Thinking such a position would be ideal for her, B
eth rushed round to ask Mrs Craven if she would mind Molly while she went there.
‘I’d be glad to, my dear.’ Mrs Craven smiled, holding out her arms for the baby. ‘And if it’s only a few hours a week I’d be glad to mind her then too.’
Beth polished her boots, then put on her best dark blue dress with a lace collar and cuffs and a plain dark blue bonnet that had been Mama’s. It was the first time she’d worn anything other than black since Papa died, and she felt slightly guilty at not wearing mourning, but both her black dresses were looking a little shabby now, and dark blue was hardly frivolous.
Beth’s spirits lifted as she set off for it was a lovely warm day and it felt good to be going out without Molly for once, almost an adventure.
The gardens in the centre of Falkner Square looked pretty, with many flowering shrubs in full bloom.
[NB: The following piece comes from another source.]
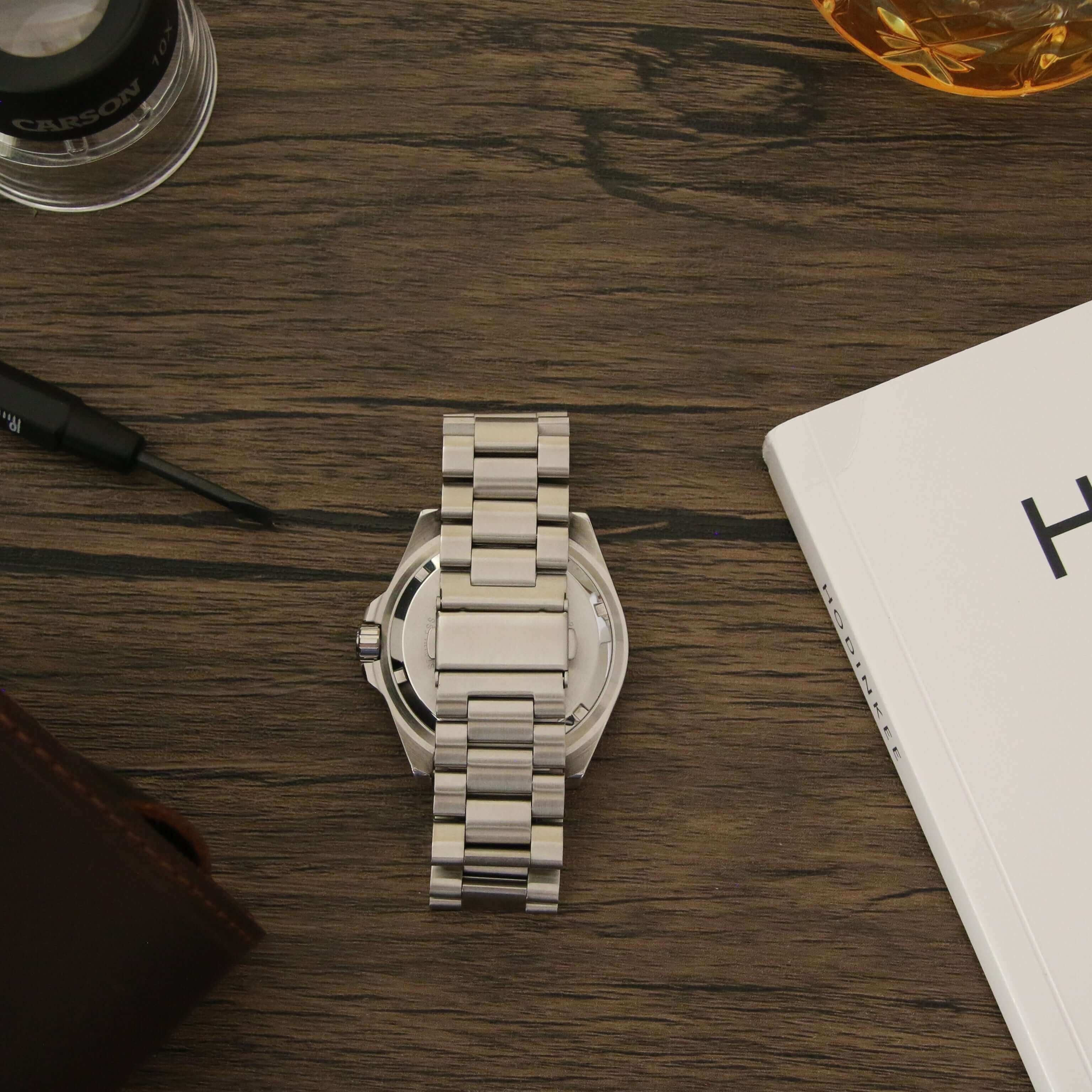 The Beaconsfield comes with everything you need to replace your current watch strap including spring bars, removal tool, link removal tool.

She stopped outside number forty-two, looking speculatively at the steps down to the basement area behind the black iron railings and the marble ones up to the front door beneath the pillared porch.
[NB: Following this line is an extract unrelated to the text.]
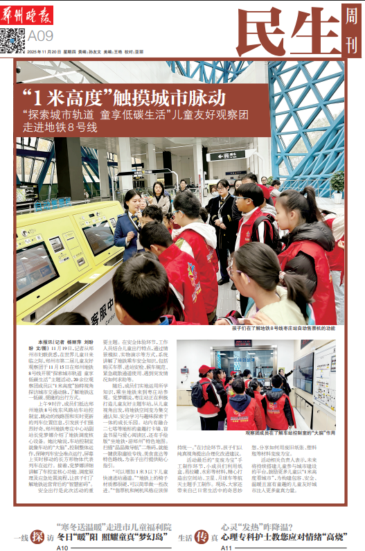 11月19日,记者从郑州市妇联获悉,在世界儿童日来临之际,郑州市第二届儿童友好观察团于11月15日在郑州地铁8号线开展“探索城市轨道 童享低碳生活”主题活动,20余位观察团成员以“1米高度”独特视角探访城市交通动脉,了解地铁这一低碳、便捷的出行方式。

Beth had been told about life below stairs in big houses by her mother, and so she knew the basement door was the one she should knock on. But it had been made quite clear to her all through her childhood that she wouldn’t ever be a servant to anyone, so she wasn’t inclined to think of herself as one now.
Taking a deep breath, she marched up to the front door and rang the bell. It clanged loudly, echoing through the house, and suddenly she felt dry-mouthed and nervous.
The door was opened by an elderly woman in a grey dress with a white apron and frilly cap.
‘I came in answer to the advertisement for someone to help with sewing and laundry,’ Beth said, a little too loudly. ‘My name is Miss Bolton.’
The woman looked her up and down. ‘Where are you from?’ she asked.
‘Church Street,’ Beth said.
‘You’d better come in,’ the woman said, and frowned as if puzzled. ‘The mistress is out at the moment, but I’ll take your particulars and tell her when she returns.’